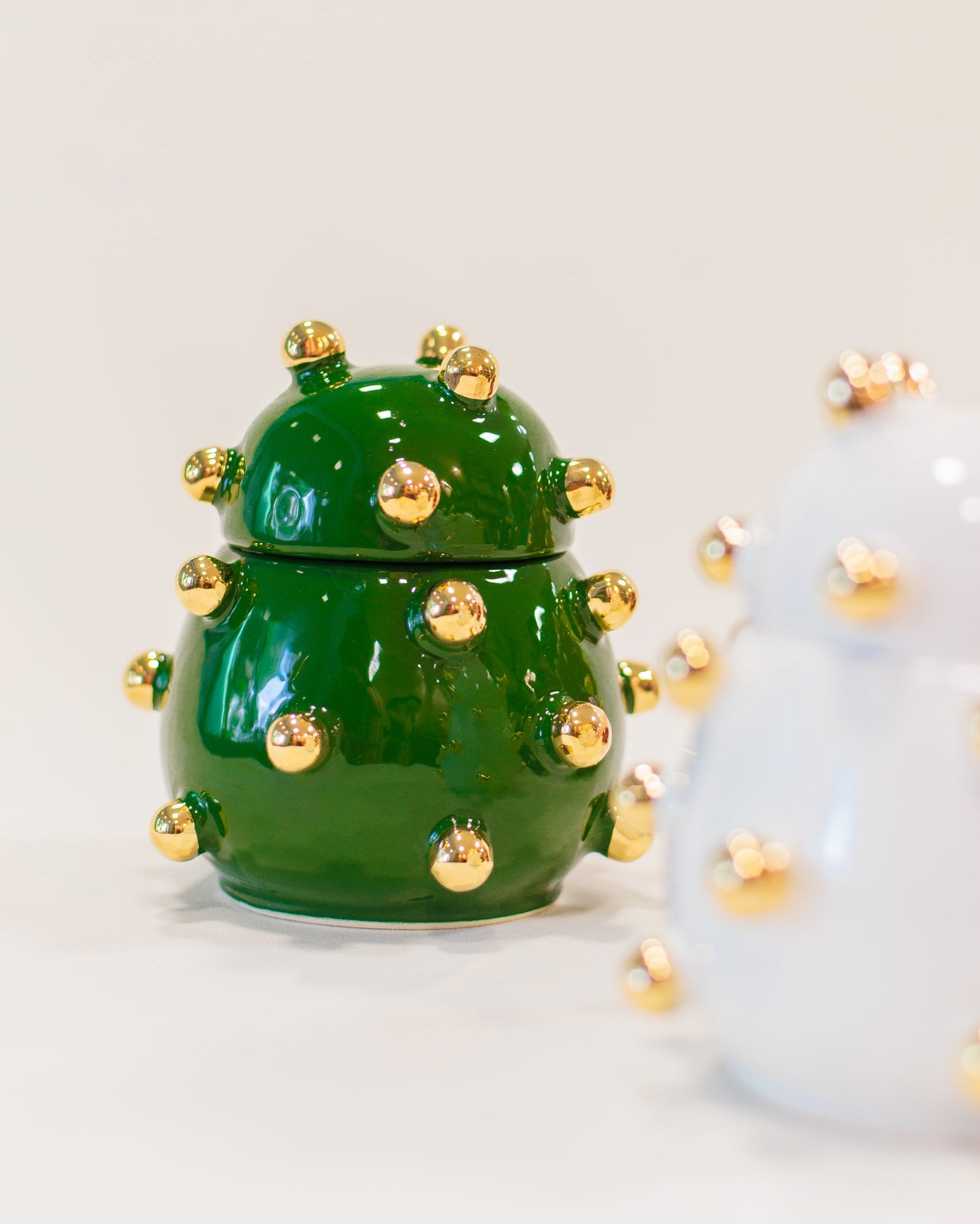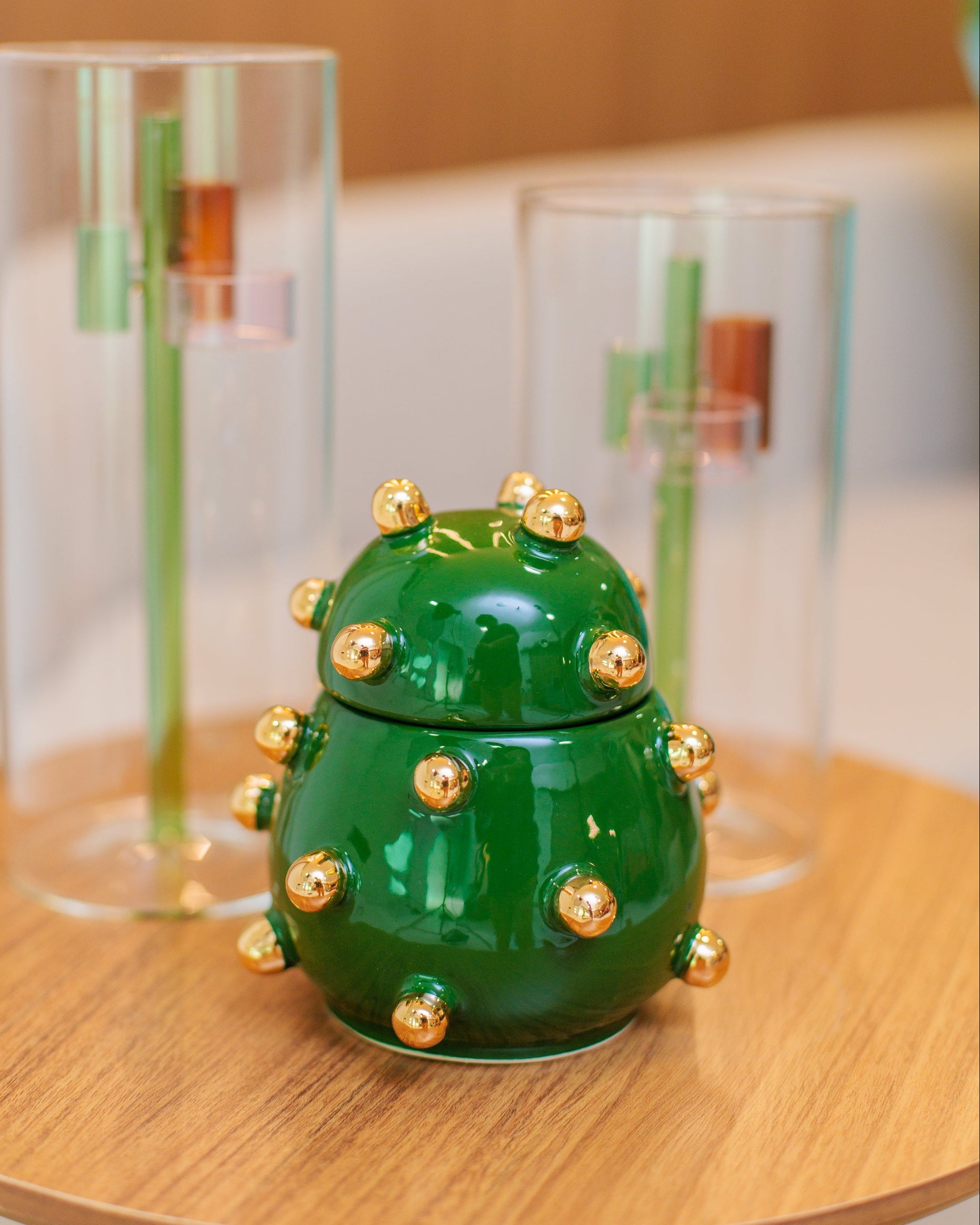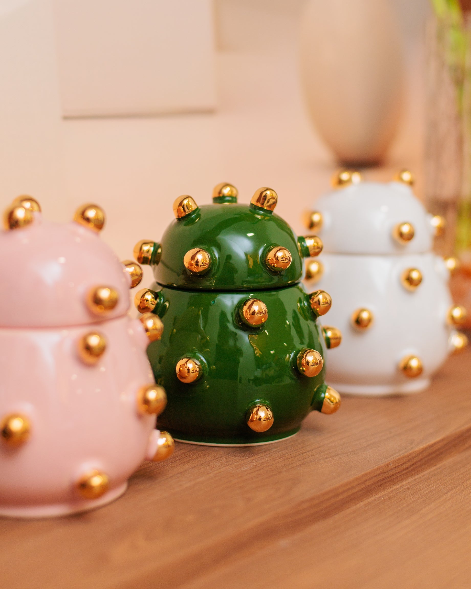 A Caixa Olivia é uma peça em cerâmica artesanal na cor rosa com detalhes em ouro, perfeita para dar um toque especial na decoração da sua casa.
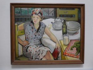 Painted by Ruth Peabody in 1925, this painting is apparently showing a pensive looking women planning what meal to cook. Peabody gave the painting to Laguna Art Museum in 1966 and I liked the pose and look of the woman in the artwork. Although, as ever, I’m confused as to why the items on the table are painted in what I consider a clunky way which is out of perspective, but I’m sure it’s very artistic indeed.
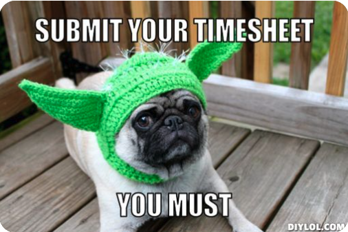 Then there’s the classic 'Yoda Dog,' reminding managers of a message they’ve sent more times than they can count—'Submit your timesheets, you must.

**GOAL OF THE EXERCISE**: From the line that contains "Painted by Ruth" down to the last line of the material above, every line must be repeated exactly, with pictures removed and both end lines included.

**FINISHED EXERCISE**:
 Painted by Ruth Peabody in 1925, this painting is apparently showing a pensive looking women planning what meal to cook. Peabody gave the painting to Laguna Art Museum in 1966 and I liked the pose and look of the woman in the artwork. Although, as ever, I’m confused as to why the items on the table are painted in what I consider a clunky way which is out of perspective, but I’m sure it’s very artistic indeed.
 Then there’s the classic 'Yoda Dog,' reminding managers of a message they’ve sent more times than they can count—'Submit your timesheets, you must.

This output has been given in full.